The problem: Give the data again exactly as written, skipping any pictures.

Source data:
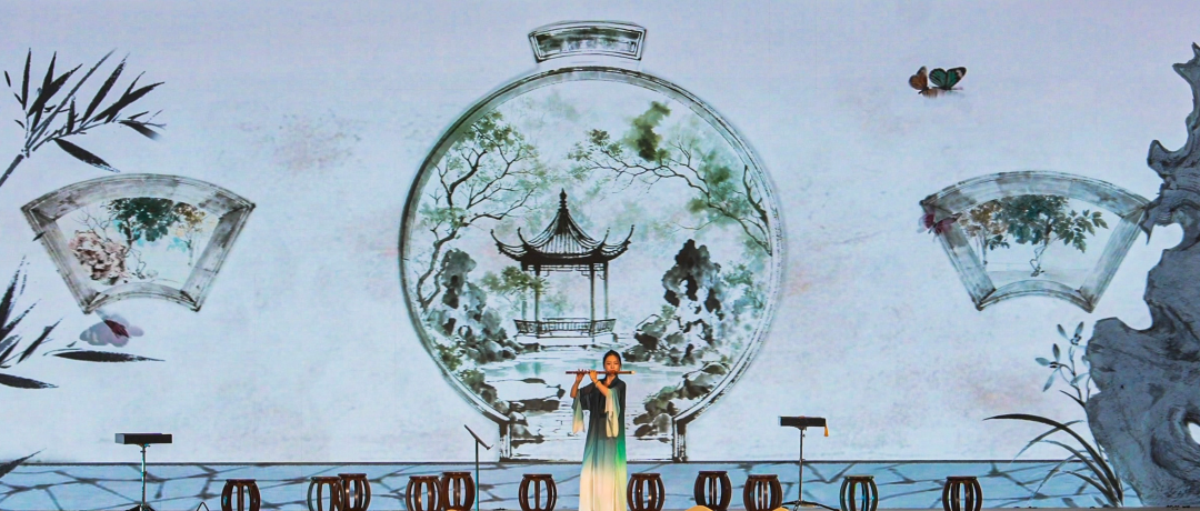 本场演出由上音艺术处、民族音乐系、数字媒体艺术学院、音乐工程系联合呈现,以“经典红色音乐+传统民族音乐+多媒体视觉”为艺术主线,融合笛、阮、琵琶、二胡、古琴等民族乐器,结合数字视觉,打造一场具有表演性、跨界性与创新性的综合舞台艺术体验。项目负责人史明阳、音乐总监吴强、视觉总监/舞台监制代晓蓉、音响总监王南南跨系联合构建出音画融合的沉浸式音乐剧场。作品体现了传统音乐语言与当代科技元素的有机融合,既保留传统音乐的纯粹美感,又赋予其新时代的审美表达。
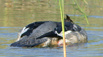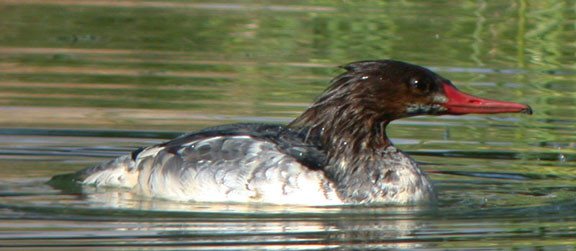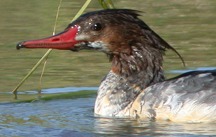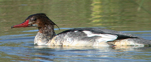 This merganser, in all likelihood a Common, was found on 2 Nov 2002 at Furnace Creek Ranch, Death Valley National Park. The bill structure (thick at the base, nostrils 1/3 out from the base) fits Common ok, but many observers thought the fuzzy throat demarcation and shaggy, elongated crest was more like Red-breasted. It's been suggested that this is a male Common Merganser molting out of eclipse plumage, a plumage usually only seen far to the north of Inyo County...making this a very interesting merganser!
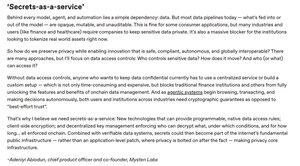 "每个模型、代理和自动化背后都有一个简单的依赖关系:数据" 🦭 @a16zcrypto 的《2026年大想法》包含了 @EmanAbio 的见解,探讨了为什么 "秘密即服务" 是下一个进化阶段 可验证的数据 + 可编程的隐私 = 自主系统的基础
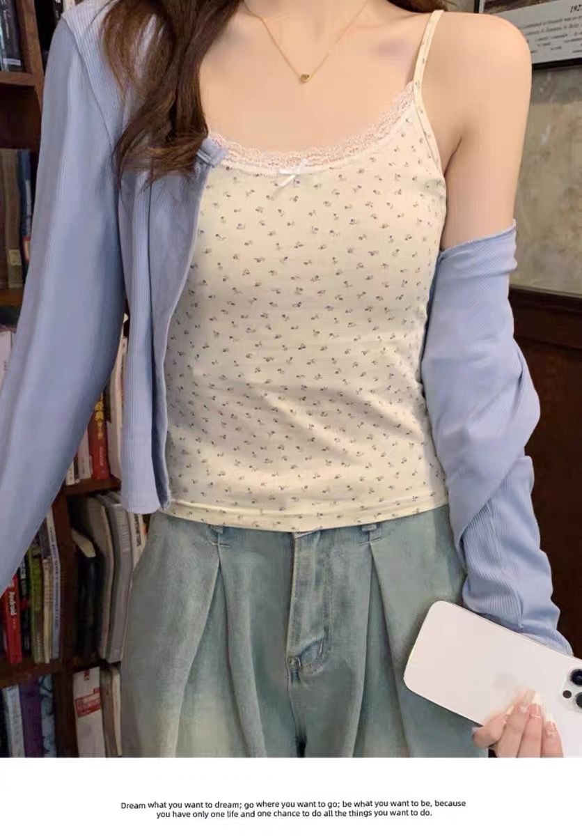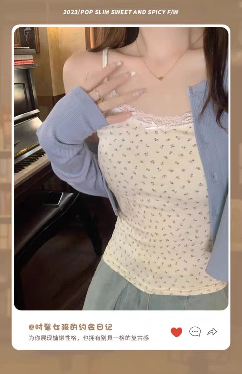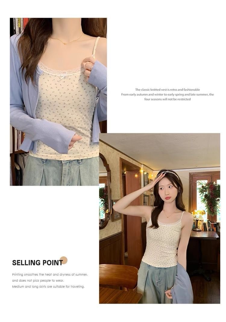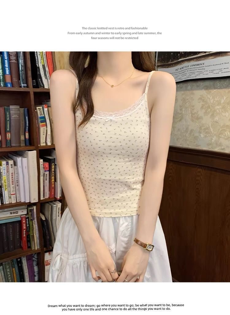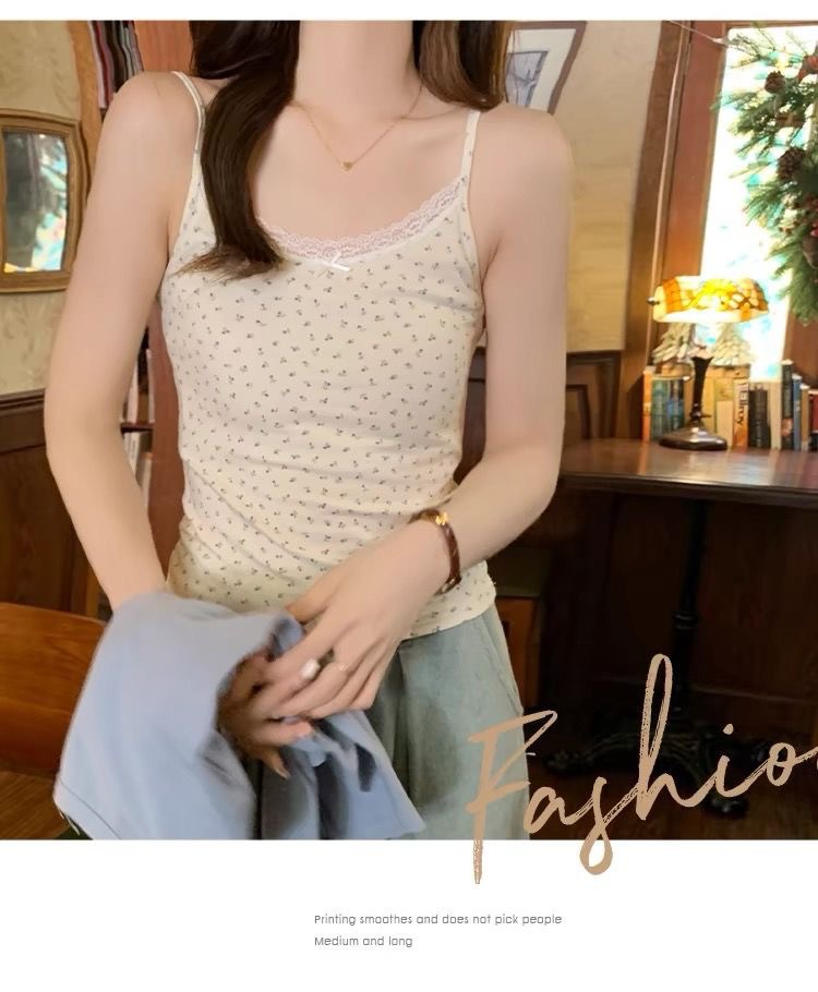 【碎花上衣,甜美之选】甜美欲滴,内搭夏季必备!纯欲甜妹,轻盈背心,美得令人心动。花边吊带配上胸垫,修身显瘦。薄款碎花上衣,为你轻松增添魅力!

Answer to the problem:
 本场演出由上音艺术处、民族音乐系、数字媒体艺术学院、音乐工程系联合呈现,以“经典红色音乐+传统民族音乐+多媒体视觉”为艺术主线,融合笛、阮、琵琶、二胡、古琴等民族乐器,结合数字视觉,打造一场具有表演性、跨界性与创新性的综合舞台艺术体验。项目负责人史明阳、音乐总监吴强、视觉总监/舞台监制代晓蓉、音响总监王南南跨系联合构建出音画融合的沉浸式音乐剧场。作品体现了传统音乐语言与当代科技元素的有机融合,既保留传统音乐的纯粹美感,又赋予其新时代的审美表达。
 This merganser, in all likelihood a Common, was found on 2 Nov 2002 at Furnace Creek Ranch, Death Valley National Park. The bill structure (thick at the base, nostrils 1/3 out from the base) fits Common ok, but many observers thought the fuzzy throat demarcation and shaggy, elongated crest was more like Red-breasted. It's been suggested that this is a male Common Merganser molting out of eclipse plumage, a plumage usually only seen far to the north of Inyo County...making this a very interesting merganser!
 "每个模型、代理和自动化背后都有一个简单的依赖关系:数据" 🦭 @a16zcrypto 的《2026年大想法》包含了 @EmanAbio 的见解,探讨了为什么 "秘密即服务" 是下一个进化阶段 可验证的数据 + 可编程的隐私 = 自主系统的基础
 【碎花上衣,甜美之选】甜美欲滴,内搭夏季必备!纯欲甜妹,轻盈背心,美得令人心动。花边吊带配上胸垫,修身显瘦。薄款碎花上衣,为你轻松增添魅力!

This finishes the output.